PROBLEM:
Restate, word for word, the run of lines that starts at the line containing "La autocorrelación entre" and ends with the final line of the listing. Leave pictures out.

RECORD SET:

---

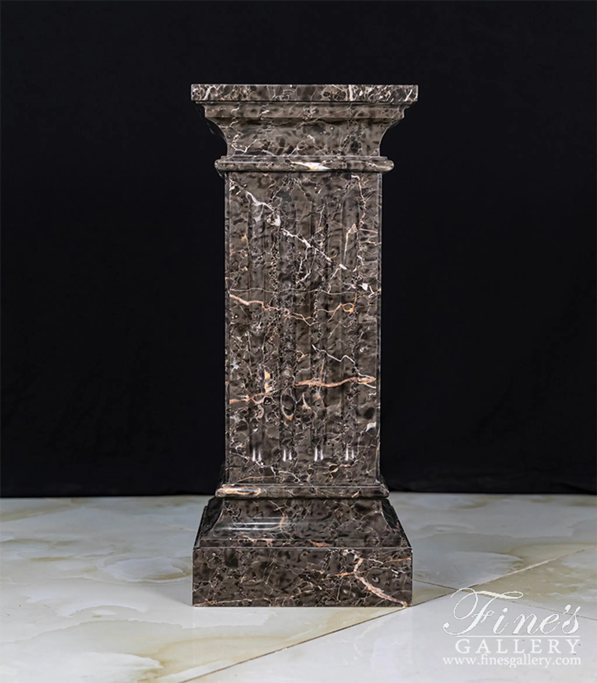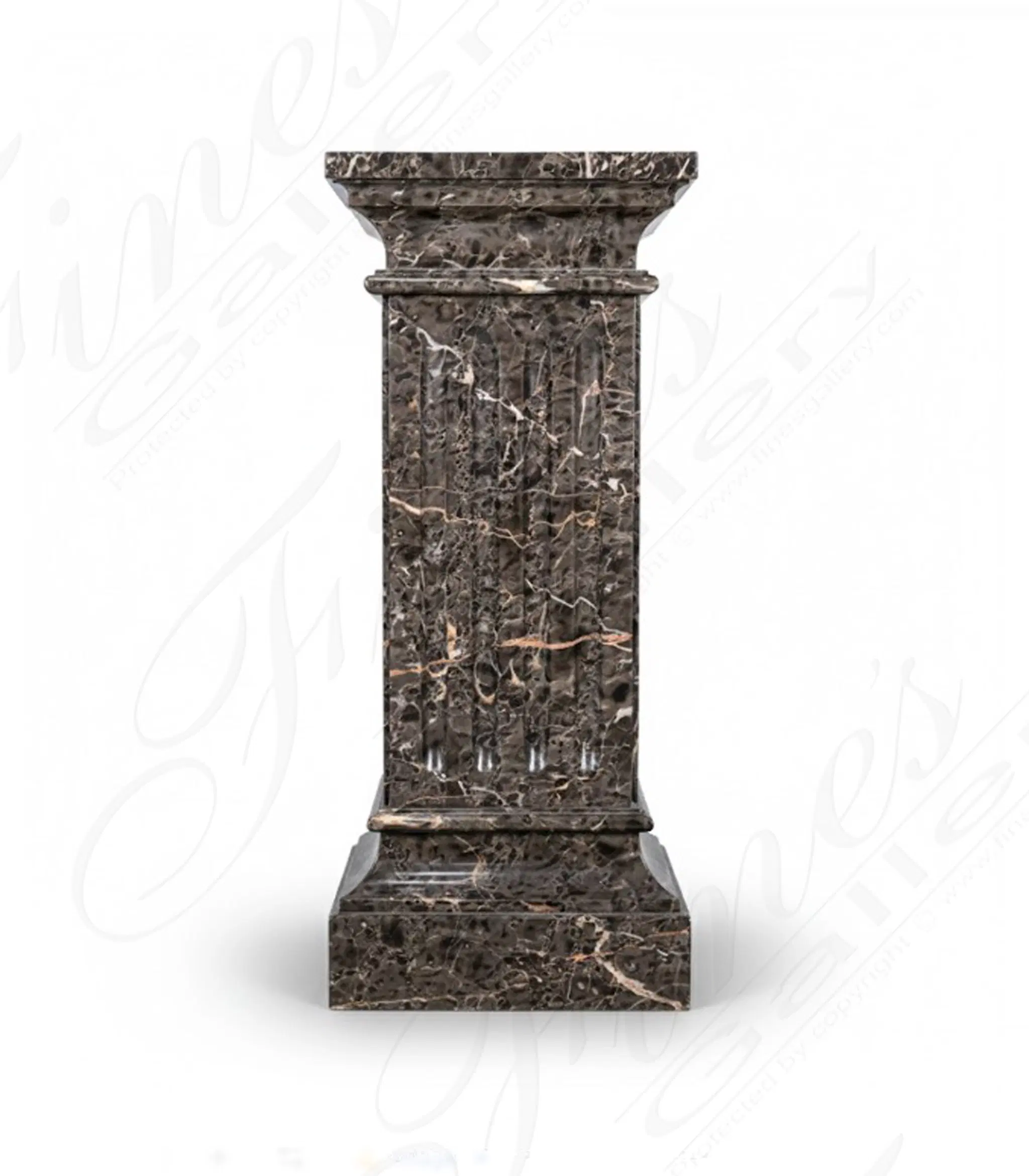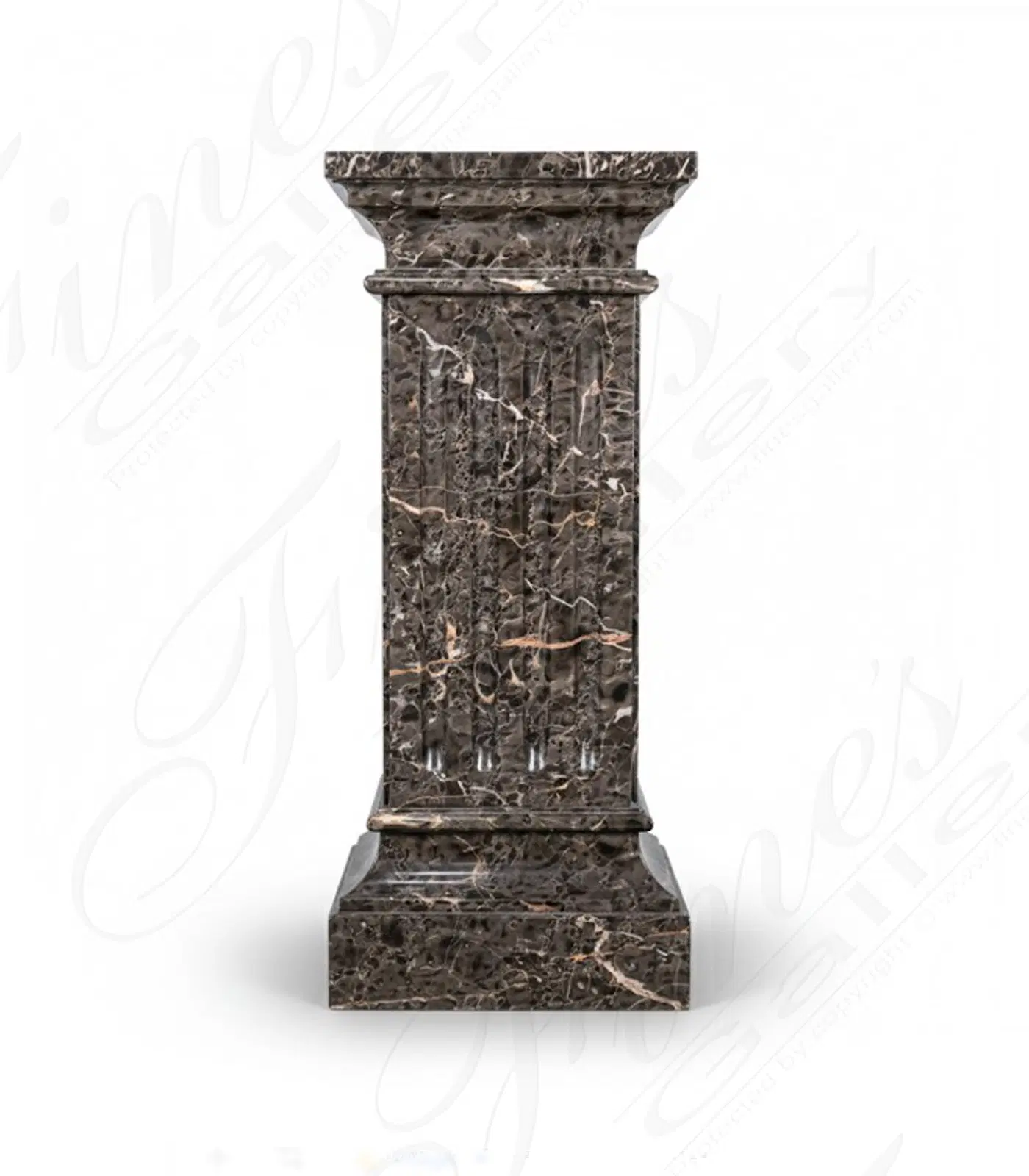 Polished Marquina Marble Pedestal with Fluted Column Detail - Elegant Art Display Stand - MBS-203
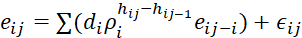 La autocorrelación entre los errores de los mejores modelos se corrigió aplicando el modelo autorregresivo CAR(X) desarrollado por Zimmerman et al. (2001). Este modelo permite ajustar los parámetros de cada uno de los modelos de crecimiento con los del modelo autorregresivo de manera conjunta. La estructura del modelo autorregresivo es:
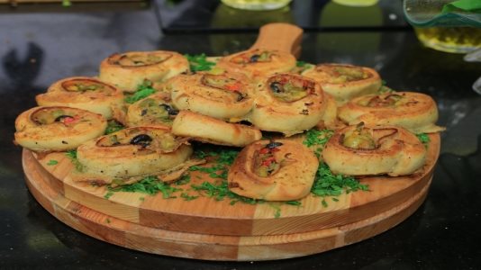 3- يقلب الخليط حتى الحصول على عجينة تقطع العجينة لكرات وتترك لتختمر
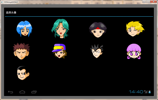 创建Android项目,实现带选择头像的用户注册页面,打开新的Activity选择头像,并将选择的头像返回到原Activity中。
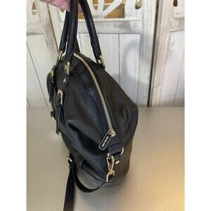 Michael Kors Bedford Bowling Medium Black Leather Satchel Bag Crossbody Strap
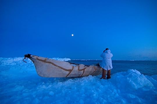 Inupiaq whaler with seal skin umiak waits for passing bowhead whales during spring whaling season Chukchi SeaBrower felt the shuddering harpoon enter the whale’s body. He looked at the faces of the men in the umiak, including those of his own sons. When he awoke in his hospital bed as if from a trance, he knew precisely which man had made the kill, how the whale had died, and whose ice cellar the meat was stored in. He turned out to be right on all three counts.

---

RESPONSE BELOW:
 La autocorrelación entre los errores de los mejores modelos se corrigió aplicando el modelo autorregresivo CAR(X) desarrollado por Zimmerman et al. (2001). Este modelo permite ajustar los parámetros de cada uno de los modelos de crecimiento con los del modelo autorregresivo de manera conjunta. La estructura del modelo autorregresivo es:
 3- يقلب الخليط حتى الحصول على عجينة تقطع العجينة لكرات وتترك لتختمر
 创建Android项目,实现带选择头像的用户注册页面,打开新的Activity选择头像,并将选择的头像返回到原Activity中。
 Michael Kors Bedford Bowling Medium Black Leather Satchel Bag Crossbody Strap
 Inupiaq whaler with seal skin umiak waits for passing bowhead whales during spring whaling season Chukchi SeaBrower felt the shuddering harpoon enter the whale’s body. He looked at the faces of the men in the umiak, including those of his own sons. When he awoke in his hospital bed as if from a trance, he knew precisely which man had made the kill, how the whale had died, and whose ice cellar the meat was stored in. He turned out to be right on all three counts.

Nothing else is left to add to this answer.